Category: Electromagnetics
Related to: Antenna, Waveguide, RHCP, LHCP, Faraday Rotation
Units: dB (cross-pol isolation)

Understanding Polarization

Polarization is a fundamental property of electromagnetic waves that determines how antennas must be oriented and how signals interact with the environment. Proper polarization management doubles the capacity of satellite links through frequency reuse and is critical for radar target discrimination.

Polarization Types

  • Linear vertical (V): E-field oscillates vertically. Used in most terrestrial communications.
  • Linear horizontal (H): E-field oscillates horizontally. Used in broadcast TV, some satellite links.
  • RHCP: Right-hand circular polarization. E-field rotates clockwise (looking from behind the wave). Used in GPS, satellite communications.
  • LHCP: Left-hand circular polarization. E-field rotates counter-clockwise.

Polarization in Practice

  • Satellite frequency reuse: Orthogonal polarizations (V/H or RHCP/LHCP) carry independent signals on the same frequency, doubling capacity.
  • Rain depolarization: Raindrops are slightly oblate, causing differential attenuation and phase shift between V and H polarizations.
  • Faraday rotation: The ionosphere rotates the polarization of linearly polarized waves, making circular polarization preferred for satellite links.
Polarization mismatch loss:
Linear-to-linear (aligned): 0 dB
Linear-to-linear (45 deg): -3 dB
Linear-to-linear (cross): infinite loss
Linear-to-circular: -3 dB
Circular-to-circular (co-pol): 0 dB
Circular-to-circular (cross-pol): infinite loss

Cross-pol discrimination (XPD):
Typical antenna: 25-40 dB
Common Questions

Frequently Asked Questions

What is polarization?

Polarization describes the direction of the electric field of an electromagnetic wave. Linear polarization has a fixed field direction (vertical or horizontal). Circular polarization has a rotating field. The polarization of transmit and receive antennas must match for maximum power transfer.

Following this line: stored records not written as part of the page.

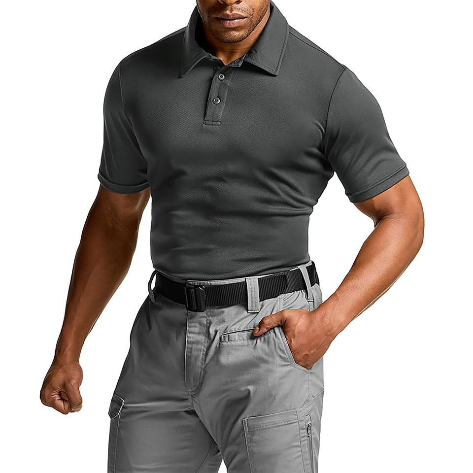 Men Tactical Polo Shirt Short Sleeve Golf Performance Top Lightweight Dry Fit UPF 50+ Pique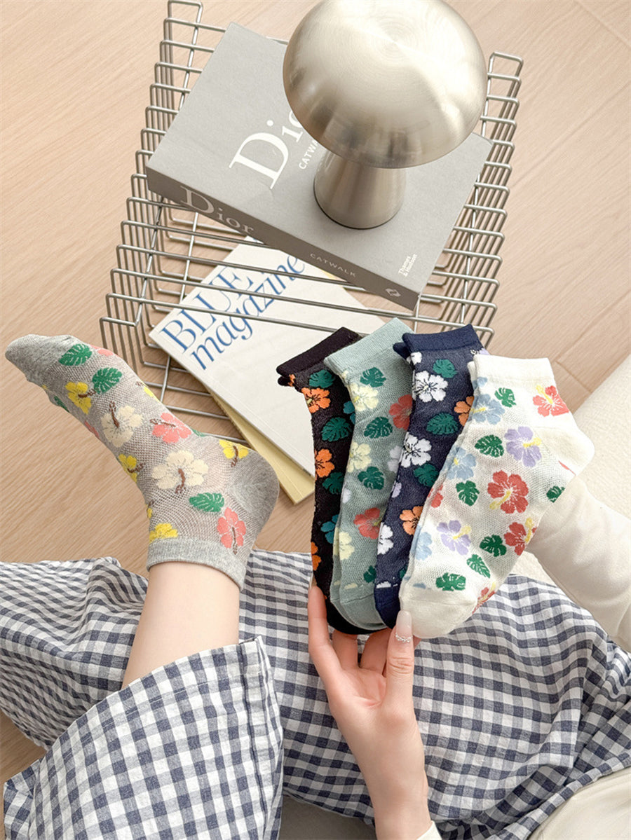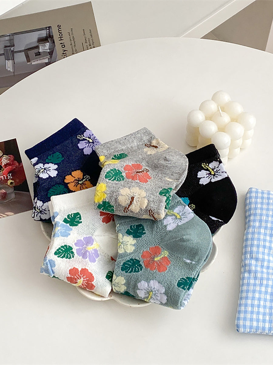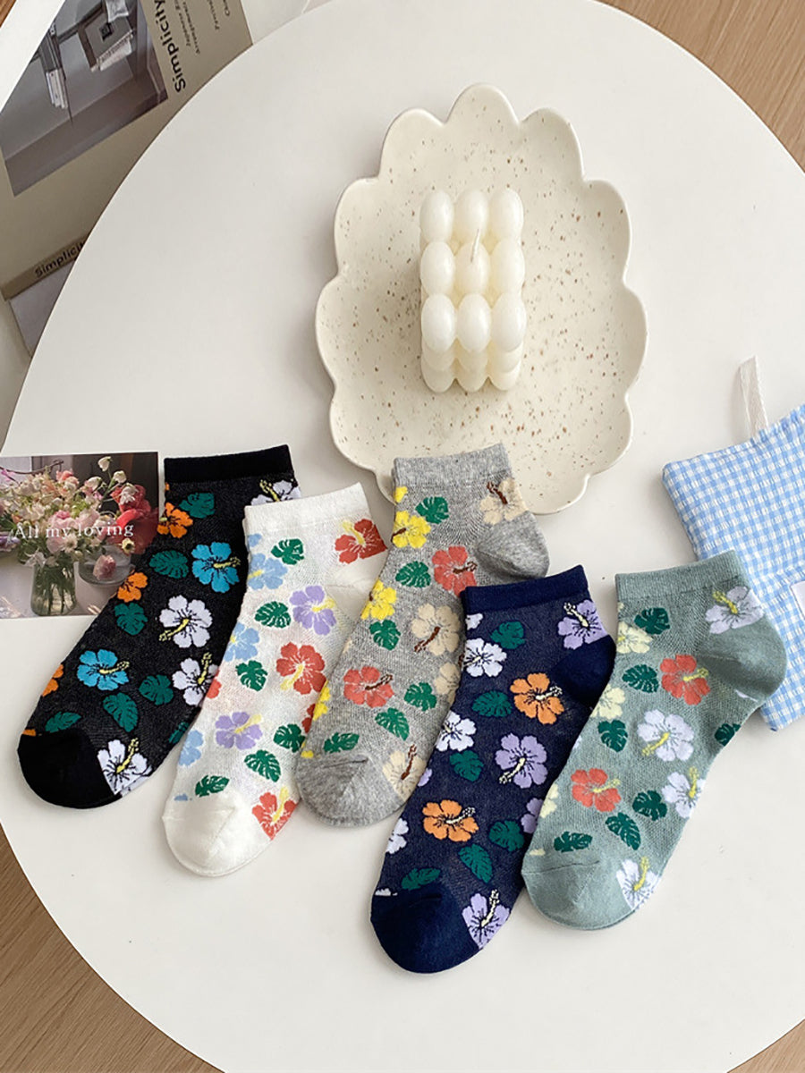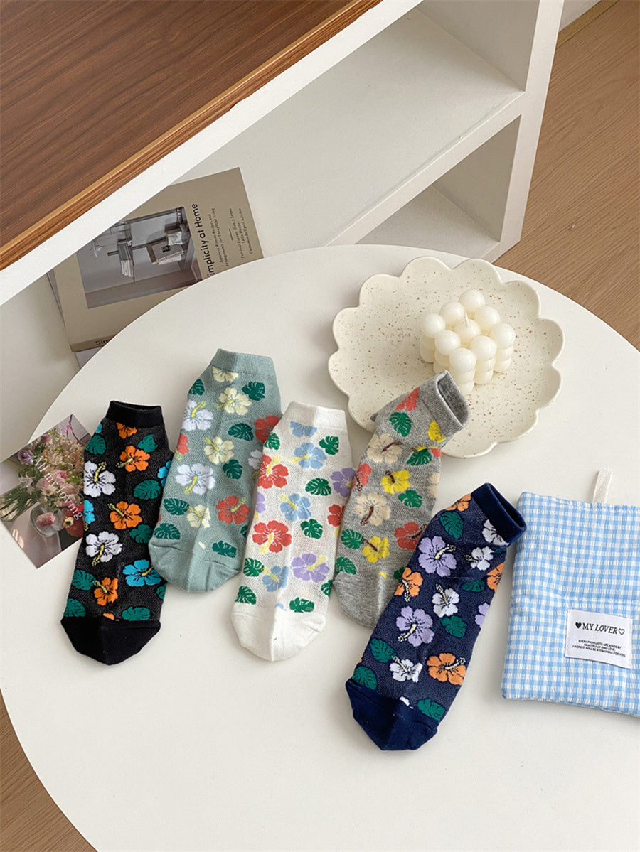 5 pares de meias femininas de algodão com estampa floral artística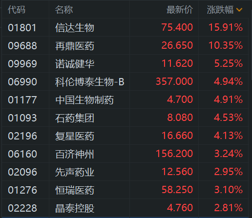 港股创新药概念股普遍强势,其中,信达生物大涨16%,再鼎医药大涨超10%,诺诚健华涨超5%,中国生物制药、石药集团、复星医药涨超4%,百济神州、先声药业、恒瑞医药涨超3%。

Why is circular polarization used for satellites?

Circular polarization is preferred for satellite links because: (1) the ionosphere rotates linearly polarized waves (Faraday rotation), but circular polarization is unaffected; (2) antenna orientation does not matter, important for mobile terminals; (3) orthogonal circular polarizations (RHCP/LHCP) enable frequency reuse.

What is cross-polarization?

Cross-polarization is the unwanted radiation in the polarization orthogonal to the desired polarization. An antenna designed for vertical polarization will also radiate a small amount in horizontal polarization. Cross-polarization discrimination (XPD) measures the ratio between desired and undesired polarization components.